## Stored dataset items
========================================================================

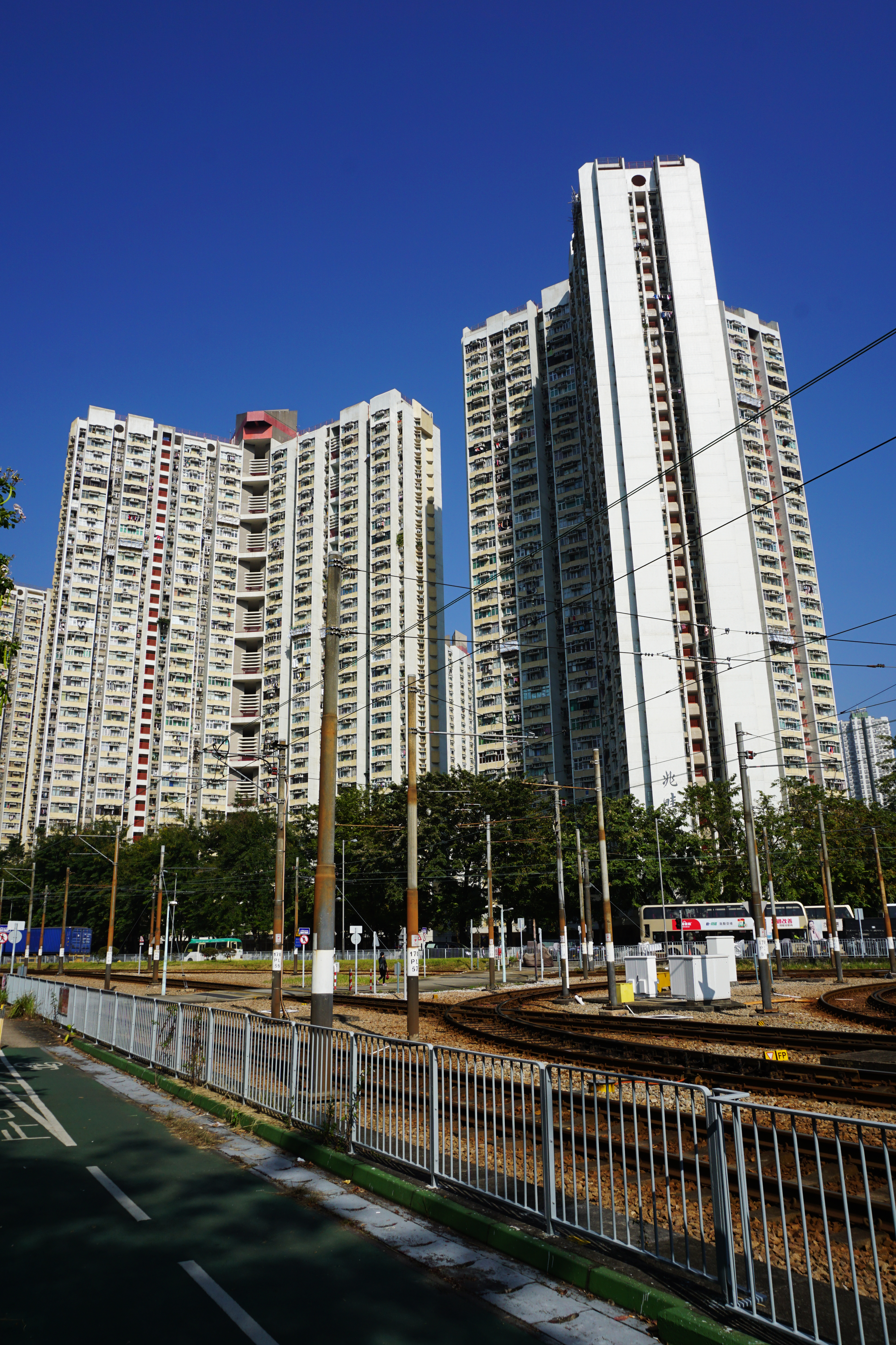 Siu Kwai Court in Tuen Mun, Hong Kong.
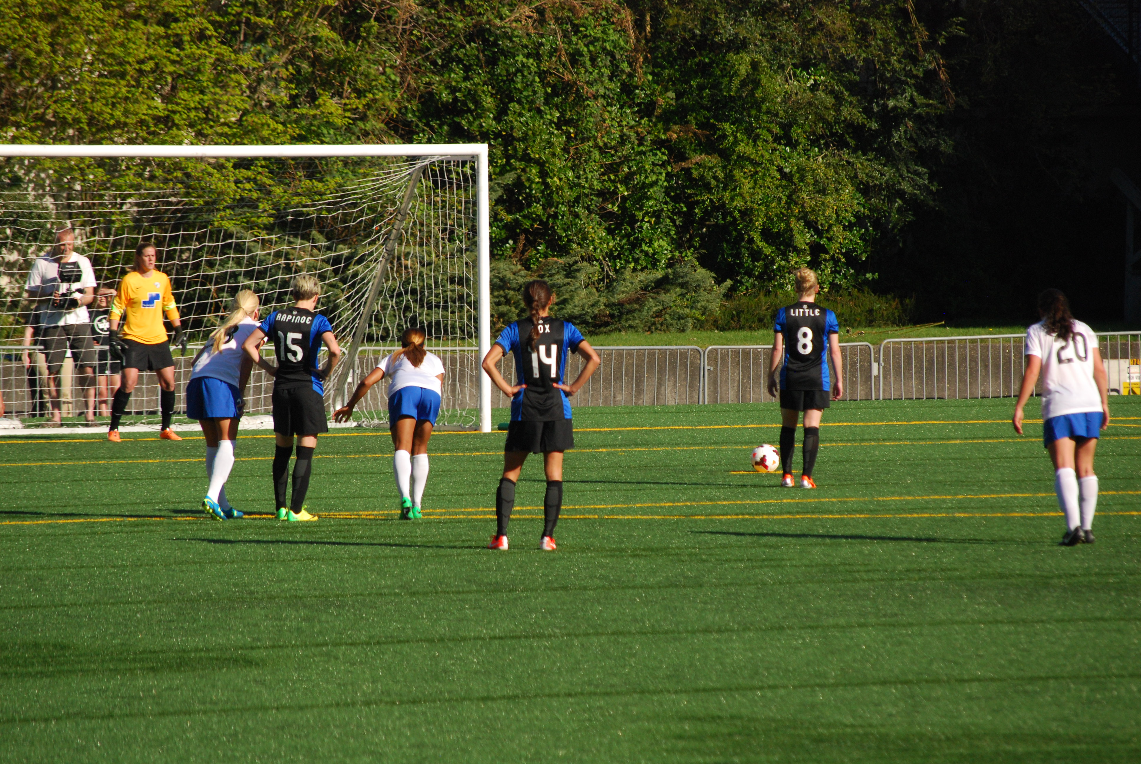 Seattle Reign FC vs Boston Breakers, April 13, 2014 at Memorial Stadium in Seattle, Washington
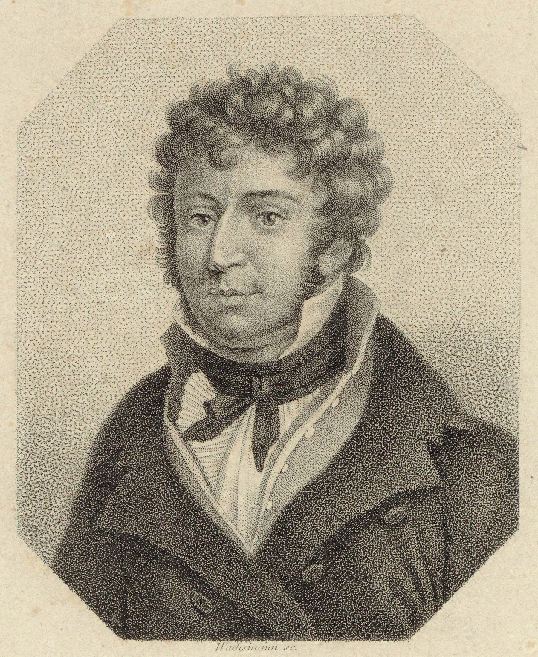 Depicted person: John Field (composer)
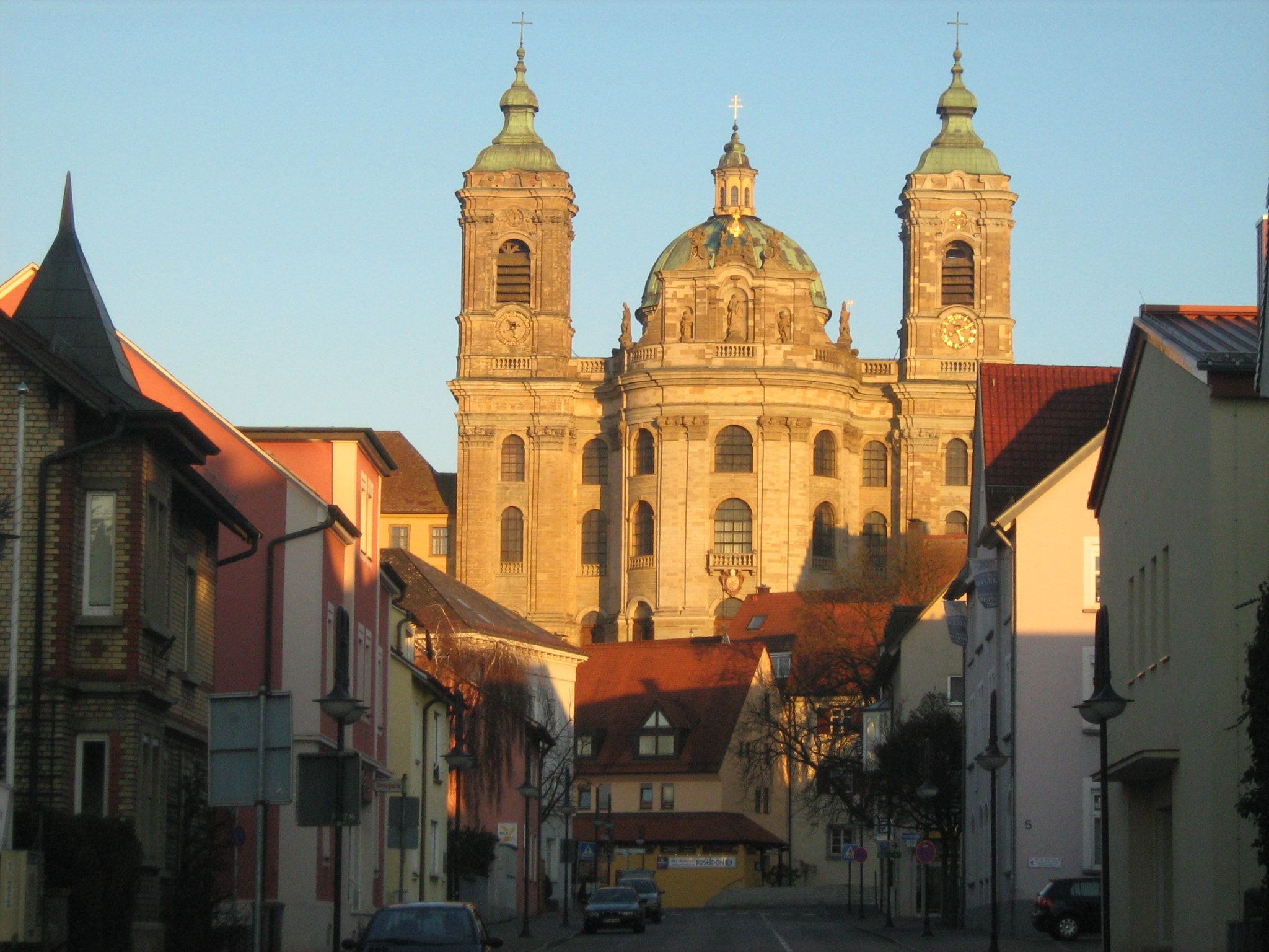 Basilica de Weingarten
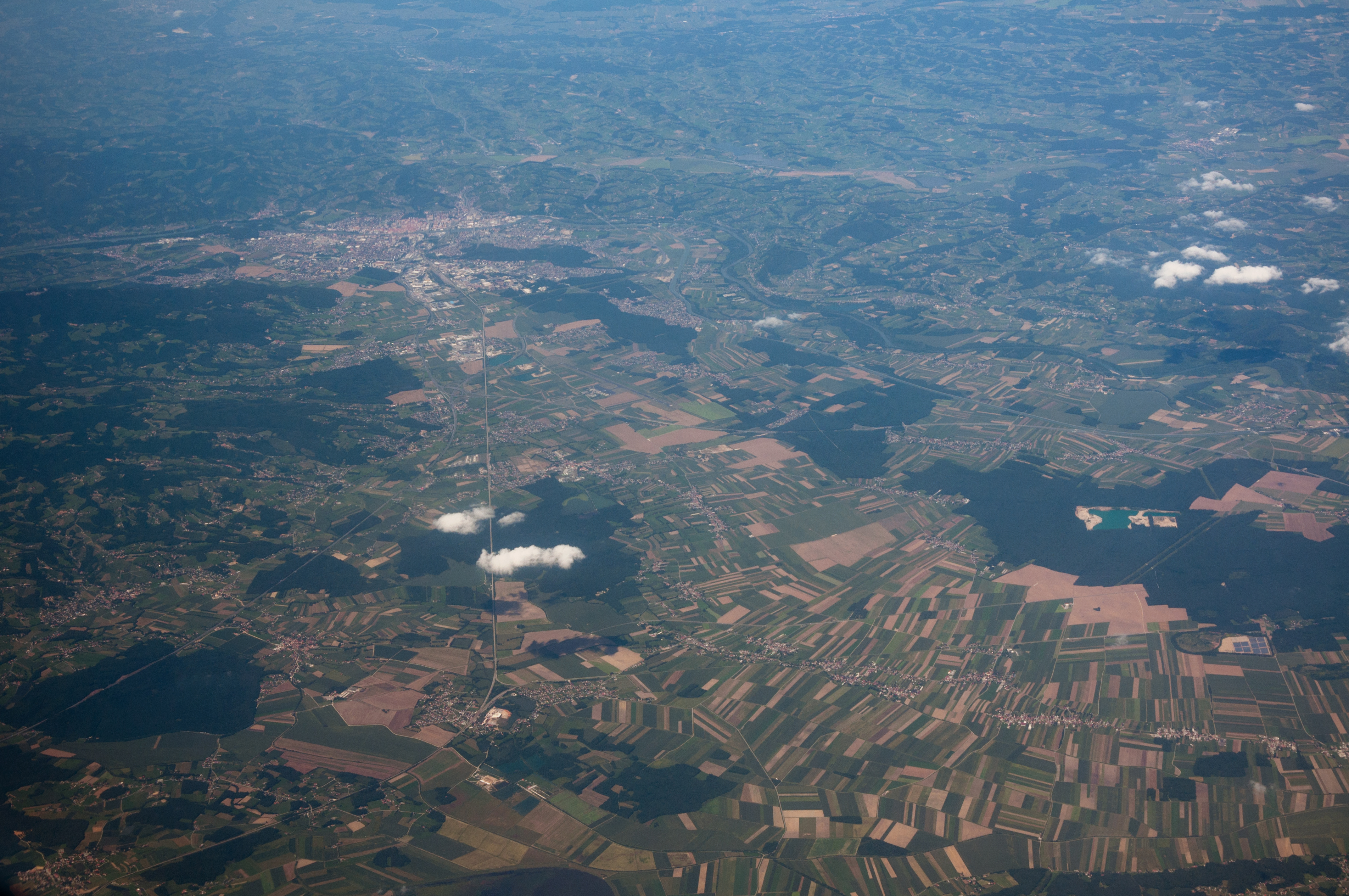 Slovenia, aerial impressions South of Maribor
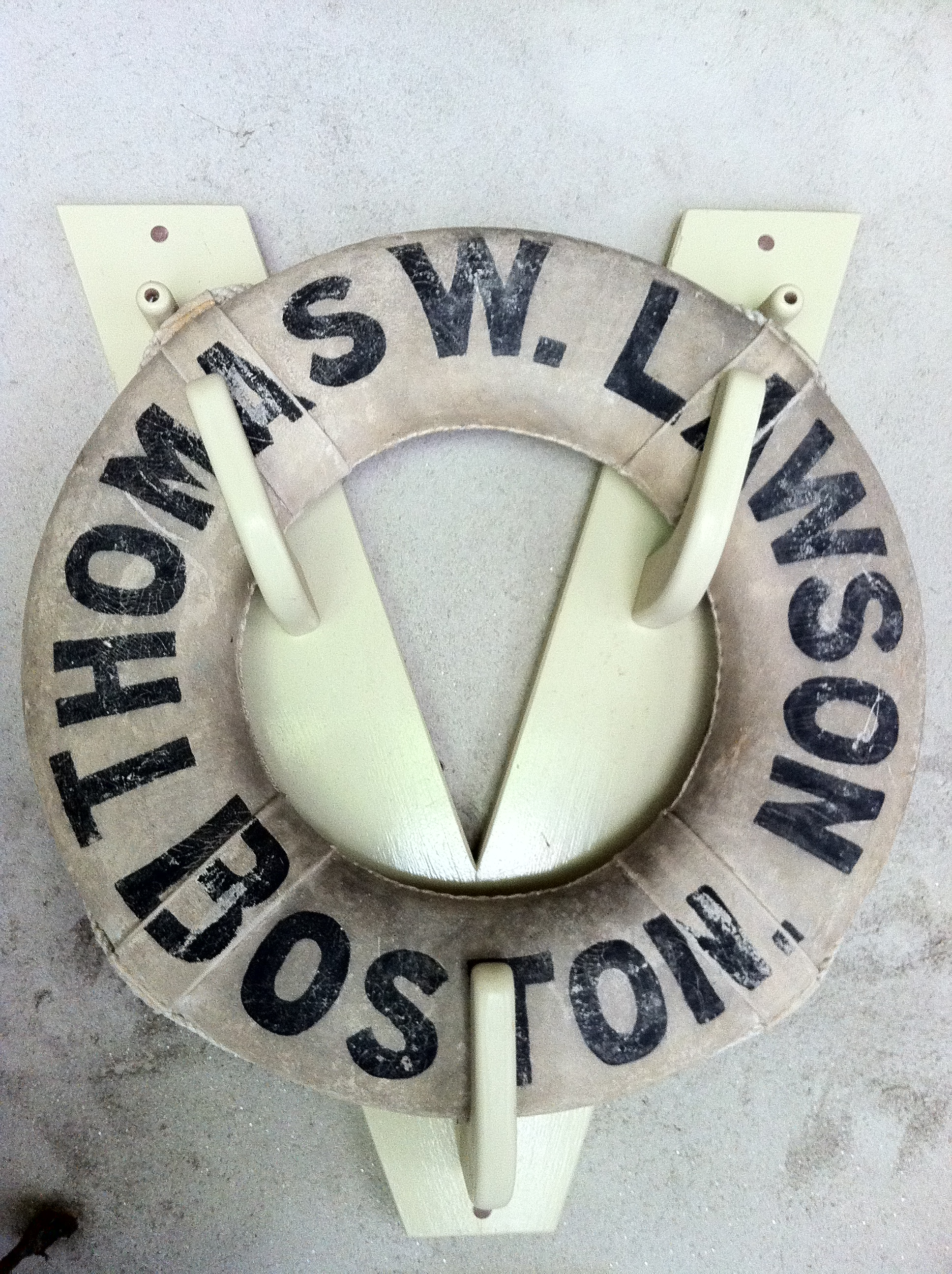 The American schooner Thomas W. Lawson was the largest sailing vessel ever built, as an attempt to show that sail could still compete in the age of steam. In 1907 the Lawson was carrying 2,225,000 gallons of paraffin oil across the Atlantic when a storm forced it to shelter in Broad Sound, off St. Agnes, Isles of Scilly. Worsening conditions drove the ship onto Shag Rock, west of Annet, where it capsized. Most of the crew of 18 drowned. In the Valhalla Museum in Tresco Abbey Gardens, Isles of Scilly.
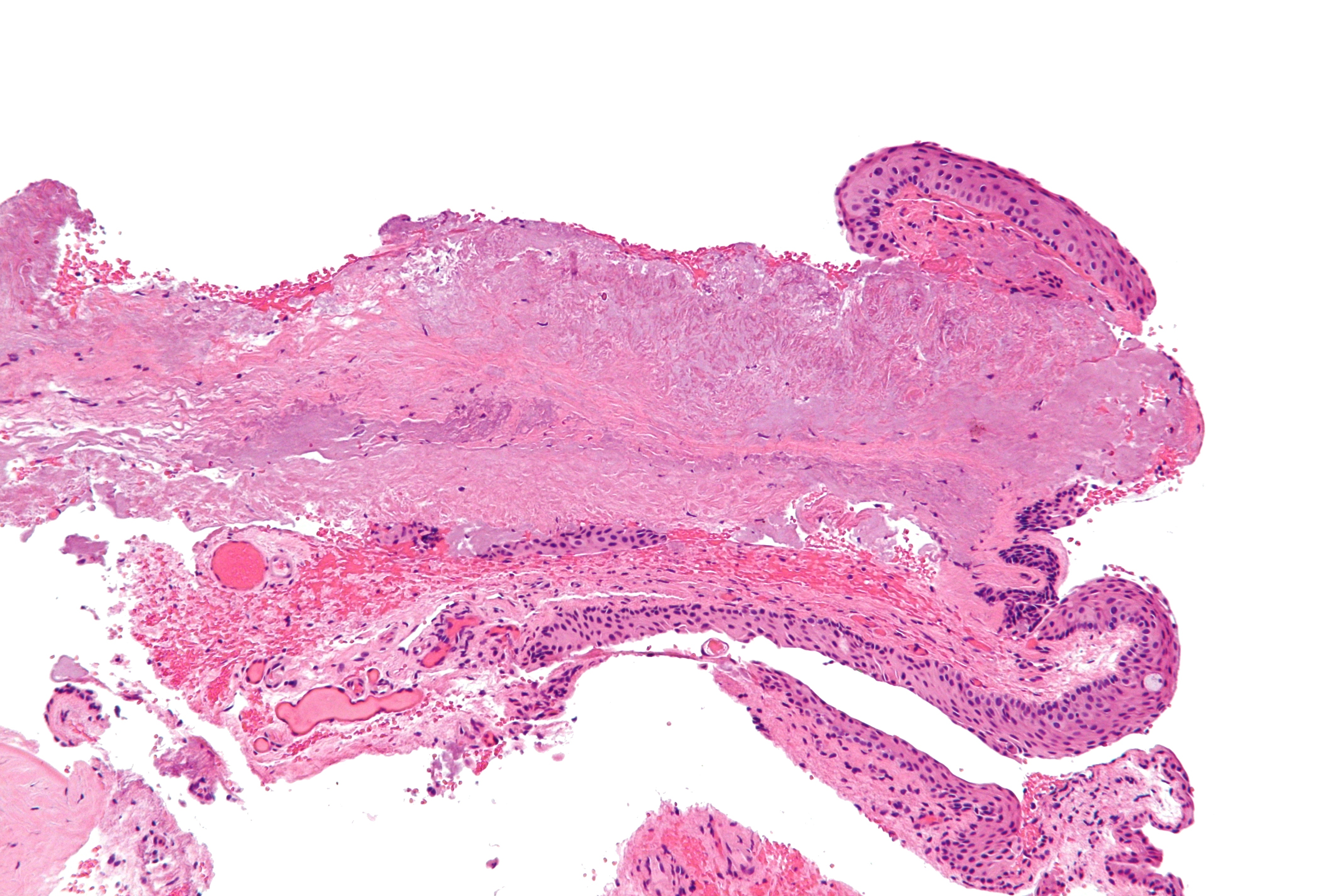 Intermediate magnification micrograph of a pterygium. H&E stain. Related images Intermed. mag. High mag.
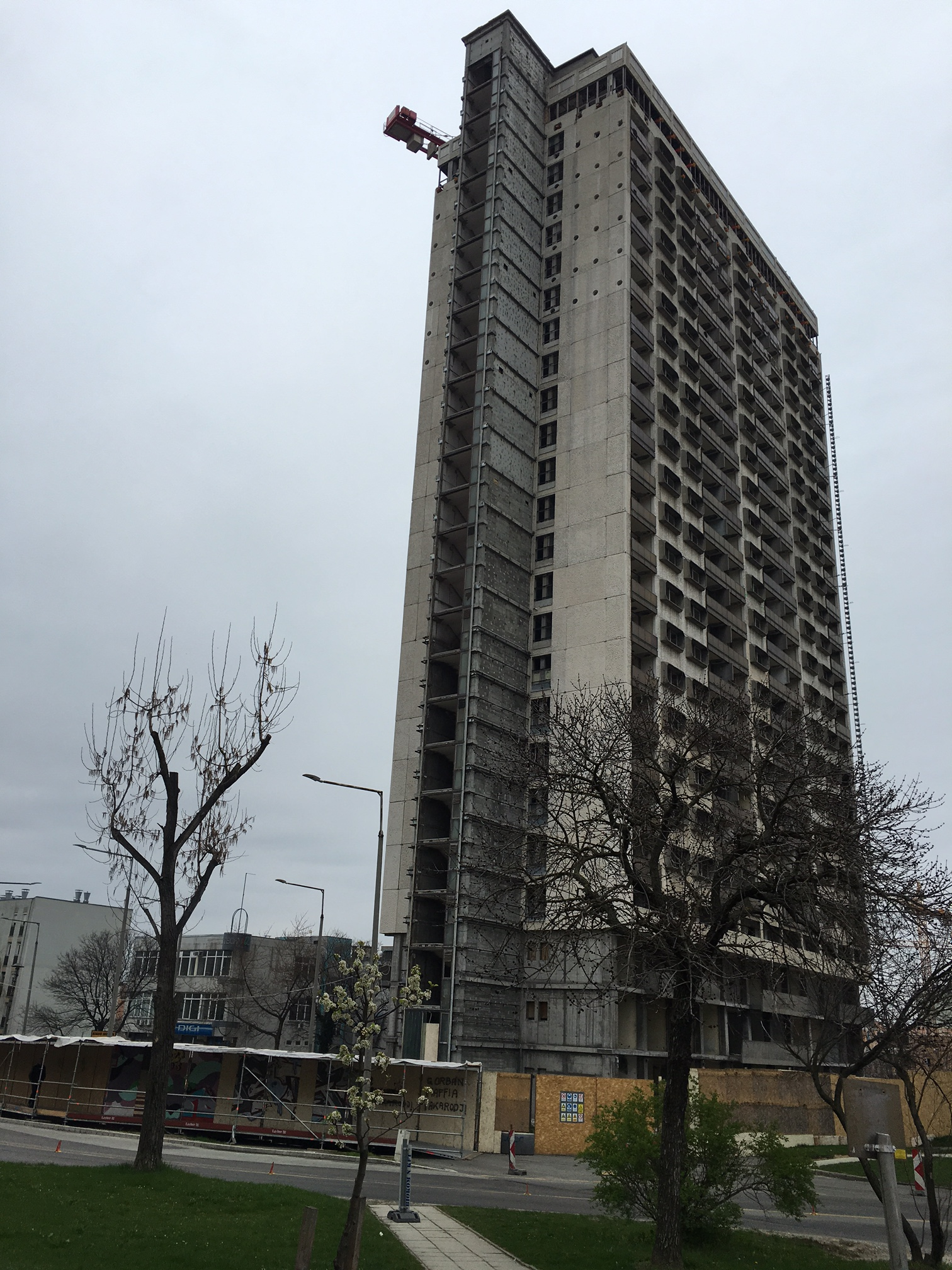 Start of bringing down the building by a crane

========================================================================

## Exercise directions
In the answer, the data should reappear exactly, with no pictures.

## Written reply
 Siu Kwai Court in Tuen Mun, Hong Kong.
 Seattle Reign FC vs Boston Breakers, April 13, 2014 at Memorial Stadium in Seattle, Washington
 Depicted person: John Field (composer)
 Basilica de Weingarten
 Slovenia, aerial impressions South of Maribor
 The American schooner Thomas W. Lawson was the largest sailing vessel ever built, as an attempt to show that sail could still compete in the age of steam. In 1907 the Lawson was carrying 2,225,000 gallons of paraffin oil across the Atlantic when a storm forced it to shelter in Broad Sound, off St. Agnes, Isles of Scilly. Worsening conditions drove the ship onto Shag Rock, west of Annet, where it capsized. Most of the crew of 18 drowned. In the Valhalla Museum in Tresco Abbey Gardens, Isles of Scilly.
 Intermediate magnification micrograph of a pterygium. H&E stain. Related images Intermed. mag. High mag.
 Start of bringing down the building by a crane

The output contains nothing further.